In plain words: An attacker sends chosen inputs to a remote model, uses its labels to train a local copy, then crafts trick inputs that fool the real model. On MetaMind's model, 84.24% of these were misclassified, though the attacker never saw its insides or training data.
Abstract · Practical Black-Box Attacks against Machine Learning
Machine learning (ML) models, e.g., deep neural networks (DNNs), are vulnerable to adversarial examples: malicious inputs modified to yield erroneous model outputs, while appearing unmodified to human observers. Potential attacks include having malicious content like malware identified as legitimate or controlling vehicle behavior.

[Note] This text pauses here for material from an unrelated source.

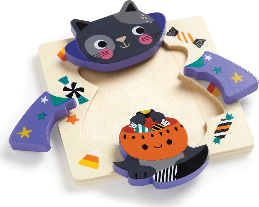 Sada 4 drevených puzzle s motívmi Halloweenu. Drevená puzzle pre malé deti pomáhajú rozvíjať motorické schopnosti, kognitívne schopnosti, jazyk a pamäť. Ideálne prvé drevené puzzle pre najmenších. Robustné vkladacie puzzle s veľkými dielikmi vo vianočnom dizajne. Skvelý spôsob precvičenia jemnej motoriky, logického myslenia a poznávania tvarov a farieb. Toto drevené puzzle pre batoľatá je dodávané s hladkou drevenou základnou doskou s maľovanou scénou. Batoľatá môžu tiež precvičovať počítanie dielikov skladačky.

Yet, all existing adversarial example attacks require knowledge of either the model internals or its training data. We introduce the first practical demonstration of an attacker controlling a remotely hosted DNN with no such knowledge. Indeed, the only capability of our black-box adversary is to observe labels given by the DNN to chosen inputs. Our attack strategy consists in training a local model to substitute for the target DNN, using inputs synthetically generated by an adversary and labeled by the target DNN. We use the local substitute to craft adversarial examples, and find that they are misclassified by the targeted DNN. To perform a real-world and properly-blinded evaluation, we attack a DNN hosted by MetaMind, an online deep learning API. We find that their DNN misclassifies 84.24% of the adversarial examples crafted with our substitute. We demonstrate the general applicability of our strategy to many ML techniques by conducting the same attack against models hosted by Amazon and Google, using logistic regression substitutes. They yield adversarial examples misclassified by Amazon and Google at rates of 96.19% and 88.94%. We also find that this black-box attack strategy is capable of evading defense strategies previously found to make adversarial example crafting harder.
Nicolas Papernot, Patrick McDaniel, Ian Goodfellow, Somesh Jha, Z. Berkay Celik, Ananthram Swami
arXiv:1602.02697 · cs.CR, cs.LG · submitted Feb 8, 2016 · updated Mar 19, 2017
abstract · pdf · html · Proceedings of the 2017 ACM Asia Conference on Computer and Communications Security, Abu Dhabi, UAE
What I mean is: I have a hunch that if you were to gain control of the precise activation of each retinal photoreceptor in my eyes, you could send me into epileptic shock or induce all sorts of terrible physiological conditions. You could create retinal activation maps that, when printed out on a screen, appear like noise or normal objects, but when applied directly to photoreceptors would be interpreted by the brain to be something completely different. So I'm not sure defending against this is necessary for real-world AI, although improvements in this area will probably carry over to improvements in general performance / the theory of how deep learning works.